ABOUT THIS TASK = Each line from the one with "在資陽區(qū)沙頭鎮(zh" through the final line of the entries below must be printed exactly, and the pictures must not be.

DATA section start

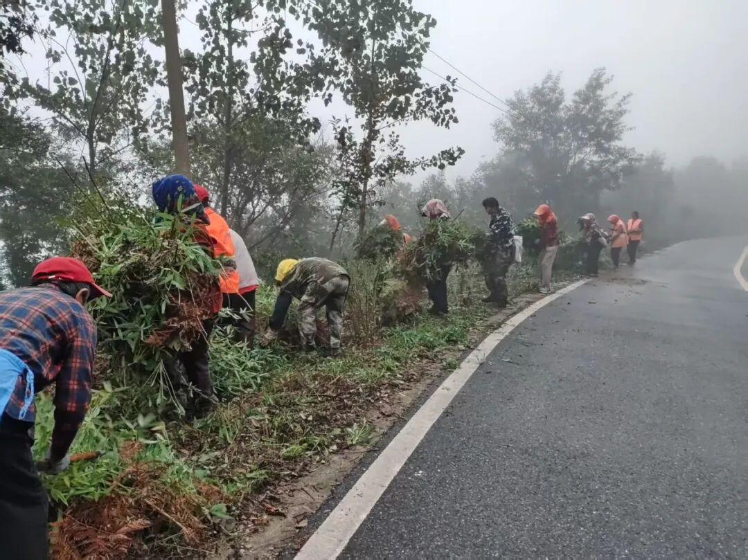 在唐僧路、悟空大道、八戒路等地,工人们手执镰刀、油锯等工具,有条不紊地清理着道路两侧林间的杂灌,并将杂枝集中运出,现场一片繁忙景象。据现场负责人李顺刚介绍,工人们每日可抚育林地百余亩,虽然工作辛苦,但为了清除火灾隐患,保障秋冬防火安全,大家都干劲十足。
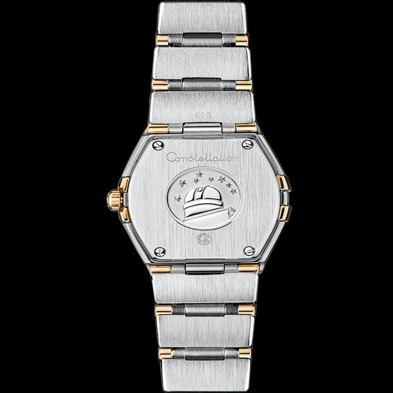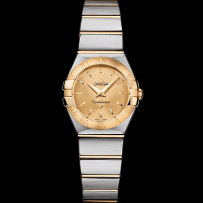 オメガ コンステレーション 24mm、ステンレススチールと18Kイエローゴールドのケースとブレスレット。リファレンス番号:123.20.24.60.08.001。クラスプタイプ:バタフライクラスプ。
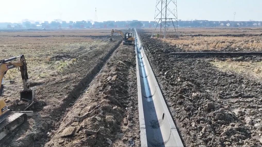 在資陽區(qū)沙頭鎮(zhèn)富興村高標準農(nóng)田建設(shè)現(xiàn)場,工人們正緊張有序地開挖渠道、安裝渠槽。
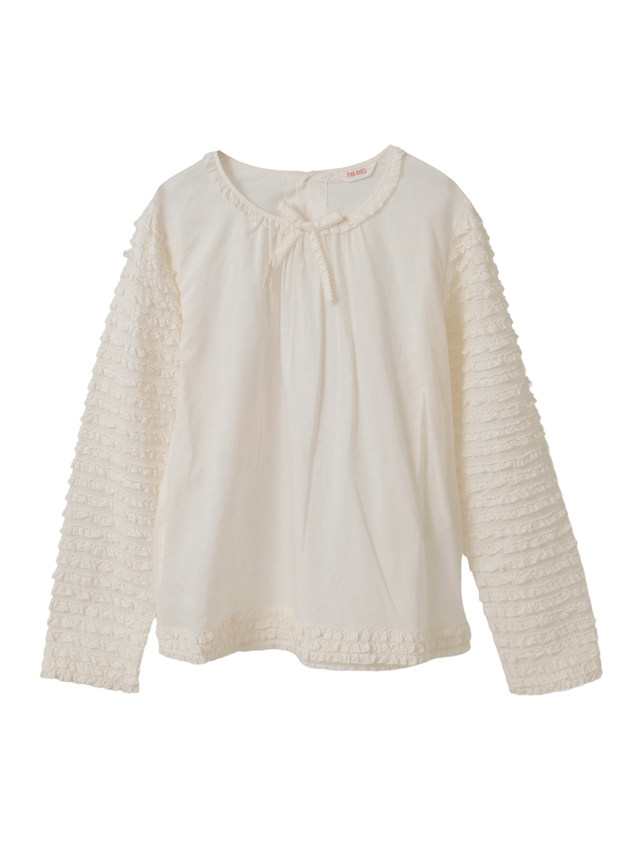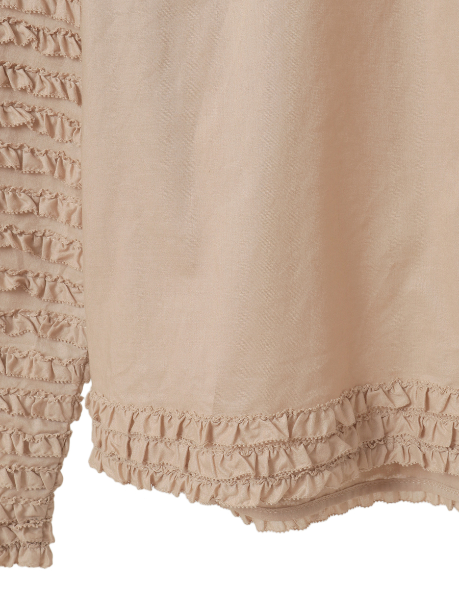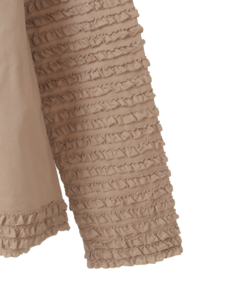 これから秋にかけて重宝しそうな袖フリル使いの綿ローンのブラウス。
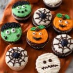 Get creative by piping the colorful frostings in different spooky patterns. I usually do five designs like spider webs with melted chocolate drizzle, monster faces with M&Ms as eyes, pumpkins with orange frosting and green stems, ghost shapes with white frosting (reserve a bit before coloring), and simple black-topped cupcakes for a witchy feel. These look impressive, but they’re super easy once you get the hang of it!
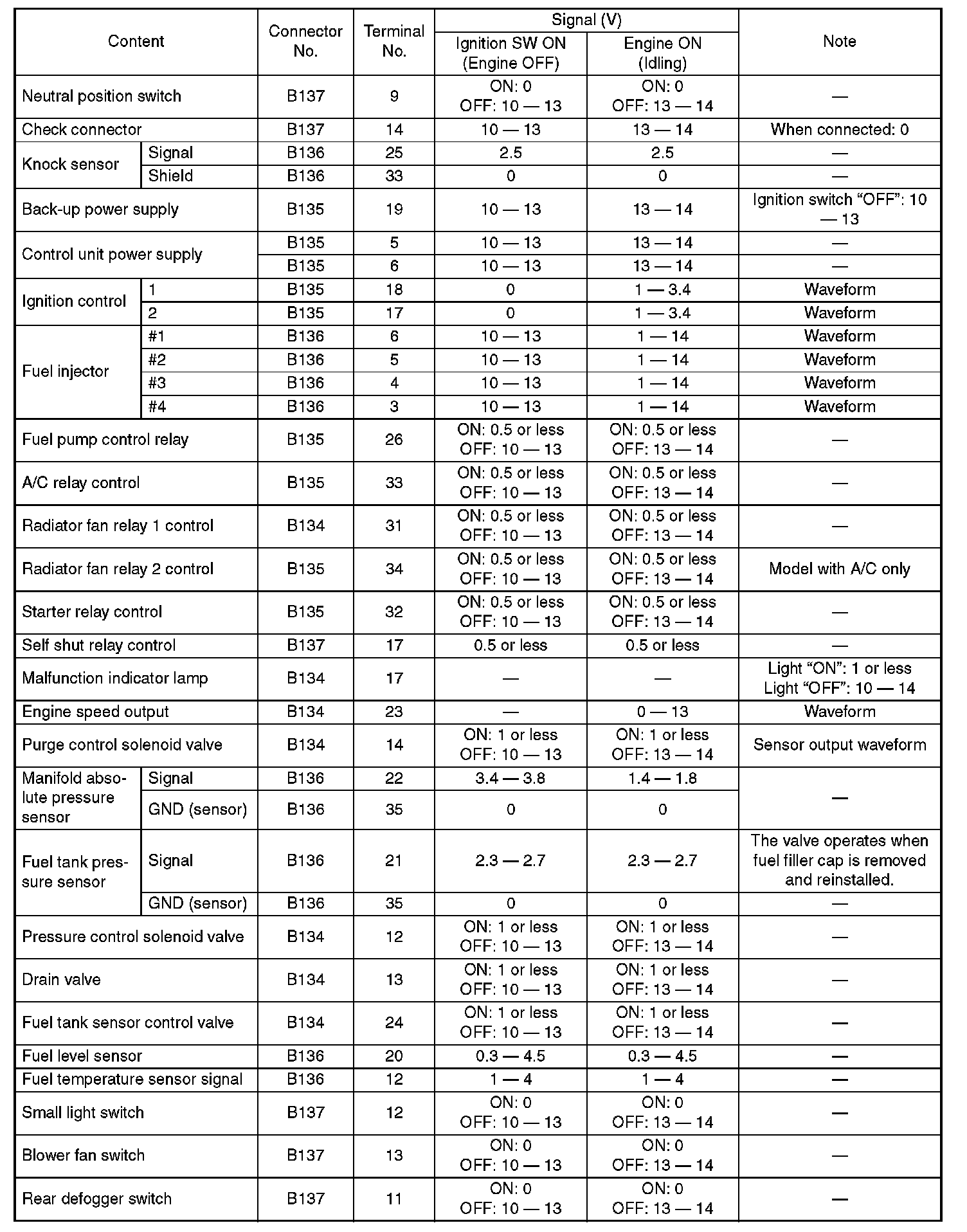 Engine Control Module (ECM) I/O Signal (Part 4):

DATA section end

ANSWER SPACE =
 在資陽區(qū)沙頭鎮(zhèn)富興村高標準農(nóng)田建設(shè)現(xiàn)場,工人們正緊張有序地開挖渠道、安裝渠槽。
 これから秋にかけて重宝しそうな袖フリル使いの綿ローンのブラウス。
 Get creative by piping the colorful frostings in different spooky patterns. I usually do five designs like spider webs with melted chocolate drizzle, monster faces with M&Ms as eyes, pumpkins with orange frosting and green stems, ghost shapes with white frosting (reserve a bit before coloring), and simple black-topped cupcakes for a witchy feel. These look impressive, but they’re super easy once you get the hang of it!
 Engine Control Module (ECM) I/O Signal (Part 4):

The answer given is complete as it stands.